China’s Ministry of Commerce announced on Monday that it has placed 10 US entities, including Aveox, Inc., on its export control list. China aims to tighten export control law and regulations governing dual-use items. The move is a response to U.S. blacklisting major Chinese companies.
Exports of Dual-Use Items Barred
Effective June 22, Chinese exporters will be prohibited from supplying dual-use items goods with both civilian and military applications to the listed companies. All ongoing export activities involving these entities must be stopped immediately.
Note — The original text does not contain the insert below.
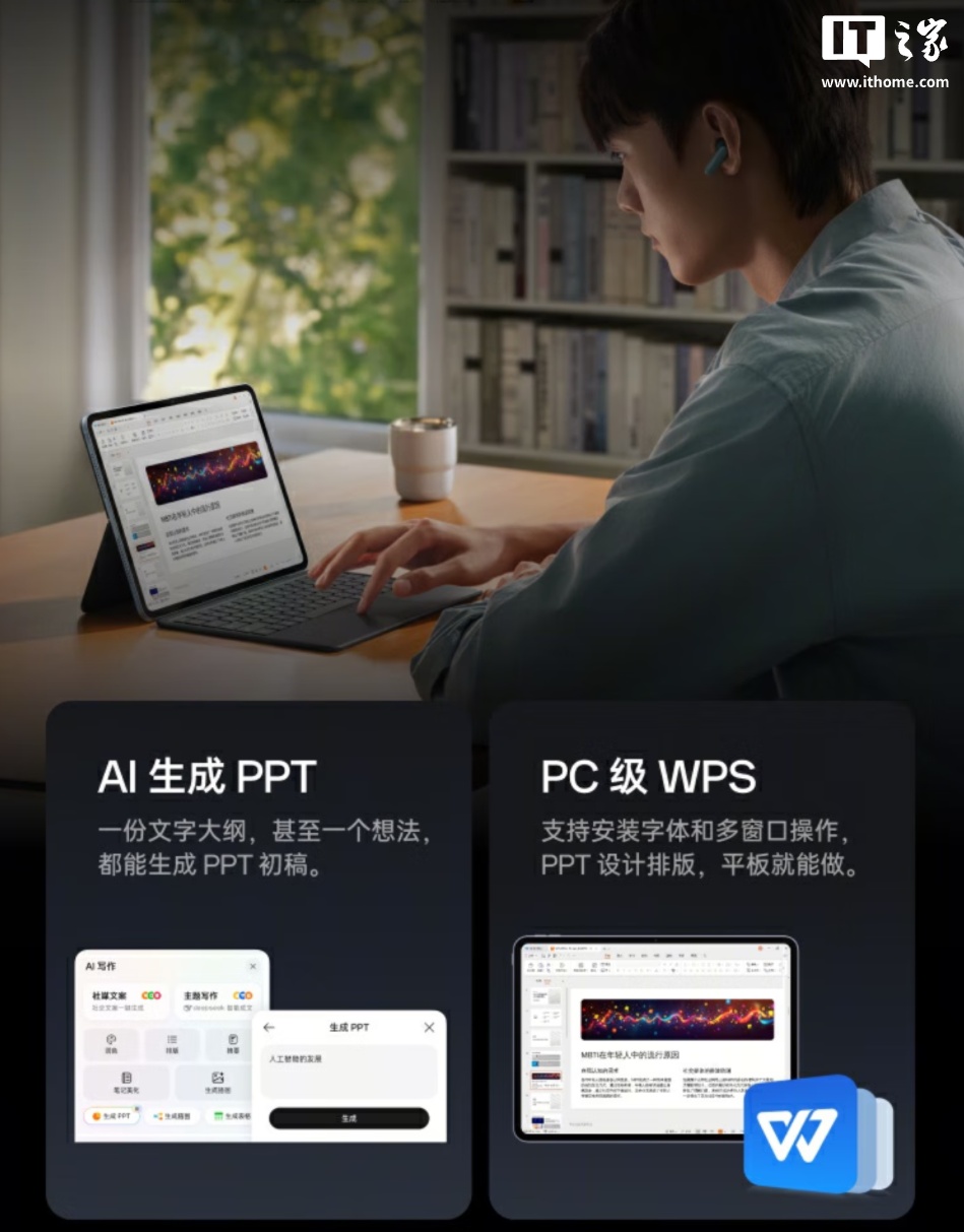 办公学习方面,这款平板支持字迹实时美化功能,可让原本不那么好看的字迹变得更加顺眼,支持“超级智能提取”功能,一键提取要点。系统本身还支持 PC 级 WPS 办公软件、全景虚拟屏功能,后者可实现平板一个屏幕开启三个应用,加上双应用浮窗等于可在屏幕上同时开启五个应用。

The firms named include Red Cat Holdings, Inc., Teal Drones, Inc., IMSAR, Jaia Robotics, Inc., Ball Aerospace & Technologies Corp., Oshkosh Defense, L3Harris Maritime Services, Inc., MP Materials Corp., and USA Rare Earth, Inc..
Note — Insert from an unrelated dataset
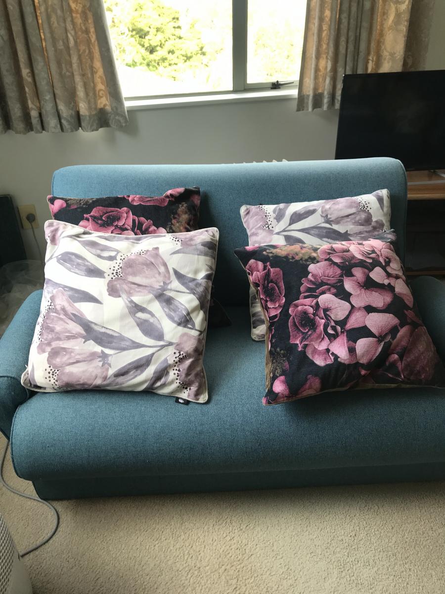 4 Floral Cushions, 2 of each colour. $25 total, condition like new

China Cites Security Concerns
The ministry said the move is intended to protect China’s national security and interests while fulfilling international non-proliferation obligations. It added that organisations and individuals in any country or region are also prohibited from transferring Chinese-origin dual-use items to the listed entities.
Implications for Supply Chains of China
The decision could further restrict access to Chinese-origin components, materials and technologies for the affected companies, particularly those operating in the drone, aerospace, defence and rare-earth sectors. It also signals Beijing’s continued use of export controls as a tool to safeguard strategic interests amid growing trade and technology tensions with the United States.